The Town acknowledges its obligation and desire to encourage the creation of jobs and investment for the benefit of its citizens. The Florence Copper Project offers that opportunity and benefit, and it does so without the environmental impacts normally associated with traditional mining methods.

Rather than continue to wage expensive legal battles against the project, the right and reasonable thing for the Town to do is take a fact-based position on the project. Proceeding with a Production Test Facility will deliver those facts. Only after the safety of the project is proven will the state and federal agencies charged with safeguarding the public’s drinking water supplies permit the project to move to full production.


The court ruling stems from a lawsuit initiated by the Town against Florence Copper Inc. in October 2013.

Florence Copper Inc. intends to conduct copper-recovery operations on its property (and on adjacent State Trust Land, pursuant to a mining lease), in accordance with its position that mining is a legal nonconforming use of its land within the Town of Florence.

The Town sought to stop the operation from proceeding by asserting an “eminent domain claim” over the property. However, the court agreed with Florence Copper’s argument that the Town lacks the legal grounds to expropriate the company’s property and thus, the eminent domain claim should be dismissed.

The Town is also seeking a court ruling that mining on the company’s private property is not a legal nonconforming use. If they fail on that argument they could once again initiate a claim for eminent domain, although it is unlikely that they would be successful. Moreover, before the Town may take the property by eminent domain, it must first pay Florence Copper its fair market value.

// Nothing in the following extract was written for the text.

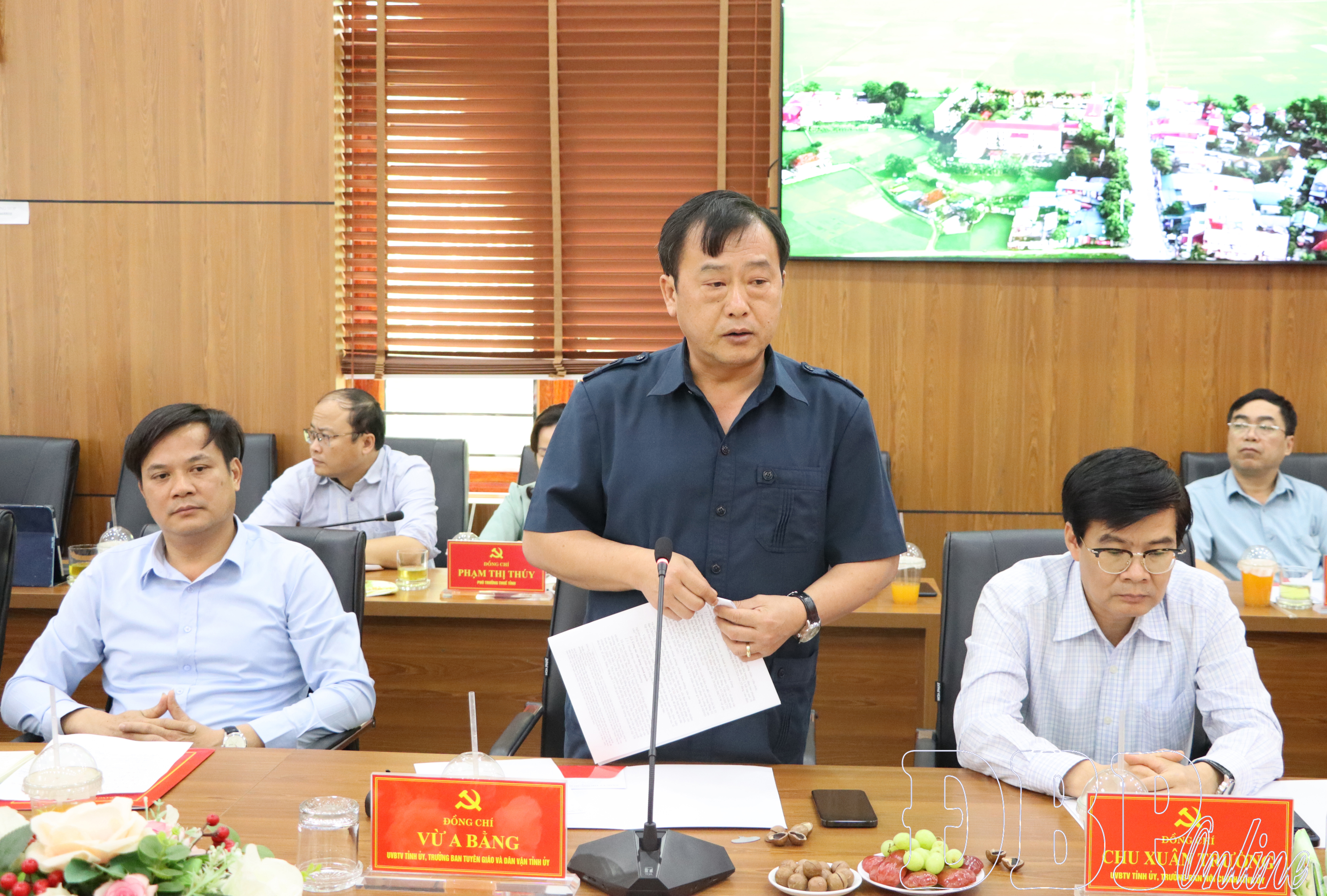 Đồng chí Vừ A Bằng, Ủy viên Ban Thường vụ Tỉnh ủy, Trưởng ban Tuyên giáo và Dân vận Tỉnh ủy phát biểu tại buổi làm việc.

A Series of Legal Defense Victories for Florence Copper

The superior court’s ruling is the latest in a series of legal successes for Florence Copper as they defend themselves against the Town’s legal tactics intended to stop the Florence Copper Project from moving forward.
  • In April 2012, the Town unsuccessfully sought to condemn the company’s administrative offices on health and safety grounds. After Florence Copper filed for injunctive relief, the Town agreed that Florence Copper’s employees could return to their offices and paid the company $100,000 in damages as a result of the Town’s action.
  • In August 2012, the Town passed an ordinance prohibiting the use of 50 gallons or more of sulfuric acid within Town limits for any purpose besides agricultural use. The Town subsequently withdrew the ordinance after Florence Copper filed a lawsuit in federal court to stop its enforcement.
  • In a third legal action, the Town joined with Johnson Utilities and two other private parties to prevent the Arizona Department of Environmental Quality from issuing an Aquifer Protection Permit for the operation of Florence Copper’s Production Test Facility. That lawsuit was dismissed in 2013 by the court because it lacked sufficient legal grounds. The ruling was upheld on appeal.